**Problem to work on:** Write out exactly the lines of the entries below from the one holding "早餐:酒店早餐 午餐:普拉達基金會餐廳 Ristorante Torre 晚餐:敬請自理" to the one holding "Harbour Chair, Swivel", inclusive, and leave out all other lines.

Data entries:

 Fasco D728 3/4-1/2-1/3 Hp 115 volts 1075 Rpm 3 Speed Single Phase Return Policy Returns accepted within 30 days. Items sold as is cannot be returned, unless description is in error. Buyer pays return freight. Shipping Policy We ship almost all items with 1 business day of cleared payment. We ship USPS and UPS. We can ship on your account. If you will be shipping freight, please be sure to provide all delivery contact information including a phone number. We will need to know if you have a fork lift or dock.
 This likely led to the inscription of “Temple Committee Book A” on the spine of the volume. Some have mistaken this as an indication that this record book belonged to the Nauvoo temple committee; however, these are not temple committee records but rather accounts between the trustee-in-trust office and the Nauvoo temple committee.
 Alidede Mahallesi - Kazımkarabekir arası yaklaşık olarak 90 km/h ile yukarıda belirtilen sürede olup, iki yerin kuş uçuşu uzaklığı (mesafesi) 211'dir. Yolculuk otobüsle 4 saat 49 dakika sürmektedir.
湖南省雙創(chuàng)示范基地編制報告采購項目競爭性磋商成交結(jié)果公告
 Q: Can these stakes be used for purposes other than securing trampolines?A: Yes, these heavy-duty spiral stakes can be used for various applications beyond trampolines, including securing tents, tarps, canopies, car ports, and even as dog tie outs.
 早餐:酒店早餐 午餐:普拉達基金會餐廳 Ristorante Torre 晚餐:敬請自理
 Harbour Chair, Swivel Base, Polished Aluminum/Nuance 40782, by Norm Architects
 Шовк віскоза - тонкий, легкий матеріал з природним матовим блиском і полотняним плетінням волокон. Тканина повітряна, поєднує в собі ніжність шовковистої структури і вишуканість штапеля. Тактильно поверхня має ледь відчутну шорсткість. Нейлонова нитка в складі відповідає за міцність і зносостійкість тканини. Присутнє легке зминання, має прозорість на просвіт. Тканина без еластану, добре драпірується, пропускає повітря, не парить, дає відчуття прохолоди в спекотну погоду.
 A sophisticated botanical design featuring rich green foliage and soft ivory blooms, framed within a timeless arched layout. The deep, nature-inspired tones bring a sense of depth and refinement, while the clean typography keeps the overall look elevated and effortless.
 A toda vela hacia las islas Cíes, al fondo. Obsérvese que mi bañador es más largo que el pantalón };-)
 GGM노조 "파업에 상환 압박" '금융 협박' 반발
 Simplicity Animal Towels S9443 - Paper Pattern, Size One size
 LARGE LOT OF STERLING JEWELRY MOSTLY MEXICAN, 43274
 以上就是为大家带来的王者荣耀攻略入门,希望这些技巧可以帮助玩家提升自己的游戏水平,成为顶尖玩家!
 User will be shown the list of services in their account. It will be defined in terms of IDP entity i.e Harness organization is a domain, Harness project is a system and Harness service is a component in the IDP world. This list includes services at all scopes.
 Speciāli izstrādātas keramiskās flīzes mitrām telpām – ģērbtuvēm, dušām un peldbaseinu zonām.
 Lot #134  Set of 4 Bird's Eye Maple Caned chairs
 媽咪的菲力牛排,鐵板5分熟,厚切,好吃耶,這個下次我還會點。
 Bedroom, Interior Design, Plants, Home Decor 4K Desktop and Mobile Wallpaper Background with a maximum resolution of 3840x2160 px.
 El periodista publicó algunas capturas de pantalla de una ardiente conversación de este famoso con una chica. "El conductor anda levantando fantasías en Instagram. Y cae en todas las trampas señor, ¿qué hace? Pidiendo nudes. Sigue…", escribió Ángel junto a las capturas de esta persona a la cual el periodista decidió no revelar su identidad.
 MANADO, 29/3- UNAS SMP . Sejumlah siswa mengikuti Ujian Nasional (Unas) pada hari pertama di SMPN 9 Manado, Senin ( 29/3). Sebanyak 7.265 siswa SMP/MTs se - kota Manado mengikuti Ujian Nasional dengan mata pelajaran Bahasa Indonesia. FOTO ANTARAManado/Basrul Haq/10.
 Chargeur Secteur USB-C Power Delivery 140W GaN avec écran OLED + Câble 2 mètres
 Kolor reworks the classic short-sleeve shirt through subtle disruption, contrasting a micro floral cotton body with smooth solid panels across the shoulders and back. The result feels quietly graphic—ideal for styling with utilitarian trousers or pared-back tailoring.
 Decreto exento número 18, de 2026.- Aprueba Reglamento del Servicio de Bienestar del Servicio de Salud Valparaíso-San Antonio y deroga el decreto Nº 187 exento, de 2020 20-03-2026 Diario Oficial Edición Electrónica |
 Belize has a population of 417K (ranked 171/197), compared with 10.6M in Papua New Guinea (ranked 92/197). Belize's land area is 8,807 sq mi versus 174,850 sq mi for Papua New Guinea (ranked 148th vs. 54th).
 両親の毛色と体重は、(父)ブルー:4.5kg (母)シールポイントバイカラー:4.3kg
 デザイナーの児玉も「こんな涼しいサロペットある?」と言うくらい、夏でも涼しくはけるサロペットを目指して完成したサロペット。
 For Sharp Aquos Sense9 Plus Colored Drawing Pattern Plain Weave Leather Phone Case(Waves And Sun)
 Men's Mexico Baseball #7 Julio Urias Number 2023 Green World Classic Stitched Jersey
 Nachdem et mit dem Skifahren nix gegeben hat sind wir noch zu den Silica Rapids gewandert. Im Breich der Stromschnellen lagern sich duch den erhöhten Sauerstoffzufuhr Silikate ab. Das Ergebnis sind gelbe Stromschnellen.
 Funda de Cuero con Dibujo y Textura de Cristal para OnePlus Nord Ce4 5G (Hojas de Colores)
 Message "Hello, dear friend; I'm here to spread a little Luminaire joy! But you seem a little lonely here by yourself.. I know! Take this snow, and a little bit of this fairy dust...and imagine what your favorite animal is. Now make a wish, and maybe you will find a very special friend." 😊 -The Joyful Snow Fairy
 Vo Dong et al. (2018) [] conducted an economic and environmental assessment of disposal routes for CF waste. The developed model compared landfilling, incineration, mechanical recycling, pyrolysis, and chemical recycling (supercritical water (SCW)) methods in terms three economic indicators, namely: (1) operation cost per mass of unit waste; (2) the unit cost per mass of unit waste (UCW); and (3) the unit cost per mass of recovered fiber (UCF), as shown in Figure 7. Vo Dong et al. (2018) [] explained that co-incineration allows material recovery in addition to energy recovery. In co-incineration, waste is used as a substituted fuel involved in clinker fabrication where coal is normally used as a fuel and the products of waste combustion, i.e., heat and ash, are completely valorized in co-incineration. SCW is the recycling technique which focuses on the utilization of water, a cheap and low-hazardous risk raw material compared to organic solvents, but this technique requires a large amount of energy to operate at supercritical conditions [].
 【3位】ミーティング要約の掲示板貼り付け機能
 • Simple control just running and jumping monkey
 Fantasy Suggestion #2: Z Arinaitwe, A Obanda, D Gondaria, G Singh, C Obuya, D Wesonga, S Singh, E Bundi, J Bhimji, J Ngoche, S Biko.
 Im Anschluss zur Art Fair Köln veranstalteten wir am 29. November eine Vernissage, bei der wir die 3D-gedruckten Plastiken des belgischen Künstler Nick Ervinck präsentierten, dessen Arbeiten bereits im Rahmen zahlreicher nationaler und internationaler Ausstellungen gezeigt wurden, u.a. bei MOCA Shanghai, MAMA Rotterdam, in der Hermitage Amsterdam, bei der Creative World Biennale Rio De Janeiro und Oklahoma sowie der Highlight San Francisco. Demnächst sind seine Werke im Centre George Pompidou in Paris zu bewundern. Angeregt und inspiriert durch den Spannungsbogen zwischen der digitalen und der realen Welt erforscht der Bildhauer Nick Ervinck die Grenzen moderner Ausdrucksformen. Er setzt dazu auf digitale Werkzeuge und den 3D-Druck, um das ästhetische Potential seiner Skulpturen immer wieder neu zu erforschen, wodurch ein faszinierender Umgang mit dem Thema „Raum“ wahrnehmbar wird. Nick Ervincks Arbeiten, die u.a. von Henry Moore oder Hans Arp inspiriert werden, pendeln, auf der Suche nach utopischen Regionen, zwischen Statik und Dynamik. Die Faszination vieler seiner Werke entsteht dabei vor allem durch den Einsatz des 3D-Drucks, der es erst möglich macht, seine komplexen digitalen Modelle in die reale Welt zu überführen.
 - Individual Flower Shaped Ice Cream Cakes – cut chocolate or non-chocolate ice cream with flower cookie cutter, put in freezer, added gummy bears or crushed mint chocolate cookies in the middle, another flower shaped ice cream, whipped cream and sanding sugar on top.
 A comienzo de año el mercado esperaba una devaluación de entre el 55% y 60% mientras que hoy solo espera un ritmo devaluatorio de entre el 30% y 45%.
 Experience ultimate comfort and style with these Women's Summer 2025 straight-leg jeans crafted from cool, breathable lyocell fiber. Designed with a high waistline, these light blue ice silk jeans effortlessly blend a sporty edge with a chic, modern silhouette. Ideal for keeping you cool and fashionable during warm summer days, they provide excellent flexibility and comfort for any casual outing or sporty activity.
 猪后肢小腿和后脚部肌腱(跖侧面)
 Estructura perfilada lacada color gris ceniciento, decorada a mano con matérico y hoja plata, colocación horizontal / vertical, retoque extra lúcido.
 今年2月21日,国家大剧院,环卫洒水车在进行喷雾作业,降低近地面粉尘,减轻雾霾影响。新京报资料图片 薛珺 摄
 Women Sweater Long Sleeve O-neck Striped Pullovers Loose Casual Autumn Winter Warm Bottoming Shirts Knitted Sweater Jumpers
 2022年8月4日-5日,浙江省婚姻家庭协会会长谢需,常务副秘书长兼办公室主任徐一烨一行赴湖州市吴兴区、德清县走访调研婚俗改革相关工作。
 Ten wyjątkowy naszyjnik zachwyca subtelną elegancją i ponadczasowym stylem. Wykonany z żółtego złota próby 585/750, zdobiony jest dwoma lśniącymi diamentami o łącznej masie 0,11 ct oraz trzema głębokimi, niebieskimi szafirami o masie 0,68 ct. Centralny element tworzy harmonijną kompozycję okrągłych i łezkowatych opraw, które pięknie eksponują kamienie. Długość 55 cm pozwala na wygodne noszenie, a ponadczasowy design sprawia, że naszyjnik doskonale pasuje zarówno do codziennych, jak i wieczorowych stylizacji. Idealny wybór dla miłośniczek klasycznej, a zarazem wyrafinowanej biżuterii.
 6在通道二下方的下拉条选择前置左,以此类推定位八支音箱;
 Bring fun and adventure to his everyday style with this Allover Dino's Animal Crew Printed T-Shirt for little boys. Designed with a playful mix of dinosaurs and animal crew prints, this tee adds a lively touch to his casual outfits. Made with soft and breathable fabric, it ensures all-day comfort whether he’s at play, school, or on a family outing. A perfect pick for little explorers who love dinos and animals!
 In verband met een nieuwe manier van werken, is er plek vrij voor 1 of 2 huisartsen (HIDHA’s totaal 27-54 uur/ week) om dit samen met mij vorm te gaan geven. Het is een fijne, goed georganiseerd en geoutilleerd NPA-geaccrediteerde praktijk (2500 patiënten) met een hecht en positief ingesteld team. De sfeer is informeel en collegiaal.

**Task result:**
 早餐:酒店早餐 午餐:普拉達基金會餐廳 Ristorante Torre 晚餐:敬請自理
 Harbour Chair, Swivel Base, Polished Aluminum/Nuance 40782, by Norm Architects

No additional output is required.